Monday night the panic-buying made its way to WNC with many stations across Macon and Jackson counties reporting shortages beginning on Monday.
The Colonial Pipeline is a privately owned fuel pipeline stretching 5,500 miles from Texas to New Jersey serving states along the East Coast. In response to the interruption in supply and demand for gas, North Carolina Governor Roy Cooper issued a State of Emergency on Monday, which kickstarted North Carolina’s price gouging law that is now in effect.

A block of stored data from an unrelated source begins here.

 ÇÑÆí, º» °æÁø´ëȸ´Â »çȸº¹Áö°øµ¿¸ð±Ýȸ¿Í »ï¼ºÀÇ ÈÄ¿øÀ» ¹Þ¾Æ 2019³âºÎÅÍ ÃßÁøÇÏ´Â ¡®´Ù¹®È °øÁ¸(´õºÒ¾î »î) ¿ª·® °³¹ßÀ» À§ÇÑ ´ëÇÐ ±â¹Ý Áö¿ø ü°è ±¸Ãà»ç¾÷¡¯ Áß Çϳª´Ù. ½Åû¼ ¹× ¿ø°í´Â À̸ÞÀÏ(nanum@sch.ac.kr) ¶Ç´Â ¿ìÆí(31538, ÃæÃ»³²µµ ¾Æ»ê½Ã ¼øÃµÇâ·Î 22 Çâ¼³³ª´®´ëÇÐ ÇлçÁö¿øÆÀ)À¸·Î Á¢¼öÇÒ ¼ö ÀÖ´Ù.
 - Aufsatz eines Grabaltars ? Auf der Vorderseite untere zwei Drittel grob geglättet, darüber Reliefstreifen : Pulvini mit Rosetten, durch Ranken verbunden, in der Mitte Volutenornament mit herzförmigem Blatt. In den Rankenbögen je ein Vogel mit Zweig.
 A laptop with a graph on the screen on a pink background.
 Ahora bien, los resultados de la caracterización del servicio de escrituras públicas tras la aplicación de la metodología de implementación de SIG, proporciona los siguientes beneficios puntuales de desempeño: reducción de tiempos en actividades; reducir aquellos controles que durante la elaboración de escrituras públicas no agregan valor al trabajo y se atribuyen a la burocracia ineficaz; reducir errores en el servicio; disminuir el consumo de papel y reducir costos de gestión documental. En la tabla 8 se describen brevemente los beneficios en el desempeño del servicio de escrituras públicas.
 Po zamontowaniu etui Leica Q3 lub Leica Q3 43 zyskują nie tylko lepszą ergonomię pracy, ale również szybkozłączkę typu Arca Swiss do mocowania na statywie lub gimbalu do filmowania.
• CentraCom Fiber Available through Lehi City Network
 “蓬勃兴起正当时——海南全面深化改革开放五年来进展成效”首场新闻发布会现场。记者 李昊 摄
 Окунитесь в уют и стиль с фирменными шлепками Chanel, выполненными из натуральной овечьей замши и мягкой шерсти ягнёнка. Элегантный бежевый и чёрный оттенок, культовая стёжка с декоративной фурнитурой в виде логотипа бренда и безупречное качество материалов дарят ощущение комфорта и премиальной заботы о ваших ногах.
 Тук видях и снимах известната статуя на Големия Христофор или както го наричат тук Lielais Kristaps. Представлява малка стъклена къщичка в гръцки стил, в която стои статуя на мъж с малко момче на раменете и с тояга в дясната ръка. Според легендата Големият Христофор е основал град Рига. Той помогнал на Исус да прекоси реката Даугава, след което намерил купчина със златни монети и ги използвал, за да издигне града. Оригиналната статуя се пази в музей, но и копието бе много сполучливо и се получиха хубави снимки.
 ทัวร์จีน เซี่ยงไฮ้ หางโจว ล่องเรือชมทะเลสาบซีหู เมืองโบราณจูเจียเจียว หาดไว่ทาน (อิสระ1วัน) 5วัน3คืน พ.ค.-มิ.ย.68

“The hackers who breached Colonial Pipeline’s systems have made it harder for hardworking North Carolinians to go about their lives, but I will not allow businesses to take advantage of this incident to charge excessive prices,” said Attorney General Josh Stein. “North Carolina’s price gouging law is in effect – please let my office know if businesses or people might be trying to profit off this situation so we can hold them accountable.”
North Carolina’s law against price gouging, or charging too much in times of a crisis, goes into effect when the governor declares a state of emergency. In some cases, businesses and industries that are heavily impacted by the incident causing the state of emergency have a reasonable need to increase prices in order to resupply, but they should disclose these increases and allow people to make informed purchasing decisions. Businesses cannot, however, unreasonably raise the price of goods or services to profit from a state of emergency.
Stations in outlying areas of Macon County saw gas prices rise as much as 30 cents per gallon and many have already sold their limited inventory with no real promise of when they will be able to resupply.
Colonial Pipeline, the company that operates the pipeline, has said that it hopes to restore most operations by the end of the week. The attack, which the Federal Bureau of Investigation said was carried out by an organized crime group called DarkSide, has highlighted the vulnerability of the American energy system. The pipeline provides the Eastern United States with nearly half its transportation fuel.